### What you have to do
In the data below, find the line that contains "Rembrandt Peale letter, forgery" and the line that contains "1st Place Mono". Copy both, plus every line between them, exactly.

Start of Available data

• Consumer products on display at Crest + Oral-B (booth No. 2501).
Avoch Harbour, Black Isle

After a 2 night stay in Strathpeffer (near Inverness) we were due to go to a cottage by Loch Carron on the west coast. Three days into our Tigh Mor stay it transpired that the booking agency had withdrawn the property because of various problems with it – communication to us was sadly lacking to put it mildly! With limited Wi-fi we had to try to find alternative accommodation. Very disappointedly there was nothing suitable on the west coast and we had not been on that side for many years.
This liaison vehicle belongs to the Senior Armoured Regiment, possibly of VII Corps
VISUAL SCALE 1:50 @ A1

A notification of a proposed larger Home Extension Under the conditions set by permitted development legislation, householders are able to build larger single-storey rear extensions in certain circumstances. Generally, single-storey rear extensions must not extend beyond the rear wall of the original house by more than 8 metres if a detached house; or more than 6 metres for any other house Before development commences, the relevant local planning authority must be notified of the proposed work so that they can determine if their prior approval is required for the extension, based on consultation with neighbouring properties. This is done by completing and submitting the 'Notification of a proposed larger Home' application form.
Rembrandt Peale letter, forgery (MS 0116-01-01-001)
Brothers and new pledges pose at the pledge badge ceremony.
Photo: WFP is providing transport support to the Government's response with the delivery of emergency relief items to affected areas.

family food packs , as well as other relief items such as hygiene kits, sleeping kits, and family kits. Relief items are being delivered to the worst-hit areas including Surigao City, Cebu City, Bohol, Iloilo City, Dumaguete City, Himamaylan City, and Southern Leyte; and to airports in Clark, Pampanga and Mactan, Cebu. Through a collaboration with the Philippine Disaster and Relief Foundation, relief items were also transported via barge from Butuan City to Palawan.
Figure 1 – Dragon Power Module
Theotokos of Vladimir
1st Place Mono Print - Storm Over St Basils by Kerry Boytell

End of Available data
Start of Available data

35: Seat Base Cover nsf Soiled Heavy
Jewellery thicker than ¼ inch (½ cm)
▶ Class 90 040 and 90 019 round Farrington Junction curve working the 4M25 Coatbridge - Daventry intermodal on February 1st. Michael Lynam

End of Available data
Start of Available data

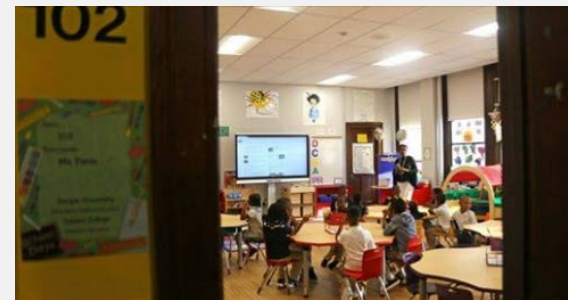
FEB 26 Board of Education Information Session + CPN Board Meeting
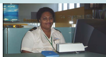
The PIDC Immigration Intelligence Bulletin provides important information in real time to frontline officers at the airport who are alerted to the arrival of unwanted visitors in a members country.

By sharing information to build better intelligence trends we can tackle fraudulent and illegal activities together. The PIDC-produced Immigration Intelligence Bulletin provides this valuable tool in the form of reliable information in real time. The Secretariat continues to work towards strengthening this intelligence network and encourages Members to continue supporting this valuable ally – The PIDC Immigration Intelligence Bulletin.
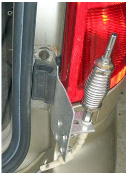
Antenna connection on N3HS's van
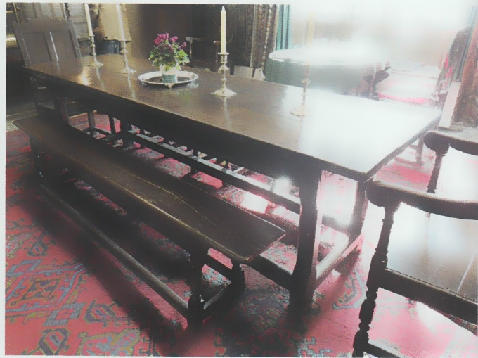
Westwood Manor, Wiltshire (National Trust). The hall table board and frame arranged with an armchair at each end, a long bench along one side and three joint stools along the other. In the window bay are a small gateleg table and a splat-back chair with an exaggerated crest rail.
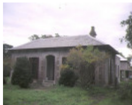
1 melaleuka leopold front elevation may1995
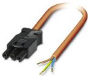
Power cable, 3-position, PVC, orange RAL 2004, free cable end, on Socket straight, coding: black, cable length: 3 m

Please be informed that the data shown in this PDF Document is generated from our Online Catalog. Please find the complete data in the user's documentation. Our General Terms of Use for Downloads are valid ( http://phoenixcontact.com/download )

End of Available data

### Output for this task
Rembrandt Peale letter, forgery (MS 0116-01-01-001)
Brothers and new pledges pose at the pledge badge ceremony.
Photo: WFP is providing transport support to the Government's response with the delivery of emergency relief items to affected areas.

family food packs , as well as other relief items such as hygiene kits, sleeping kits, and family kits. Relief items are being delivered to the worst-hit areas including Surigao City, Cebu City, Bohol, Iloilo City, Dumaguete City, Himamaylan City, and Southern Leyte; and to airports in Clark, Pampanga and Mactan, Cebu. Through a collaboration with the Philippine Disaster and Relief Foundation, relief items were also transported via barge from Butuan City to Palawan.
Figure 1 – Dragon Power Module
Theotokos of Vladimir
1st Place Mono Print - Storm Over St Basils by Kerry Boytell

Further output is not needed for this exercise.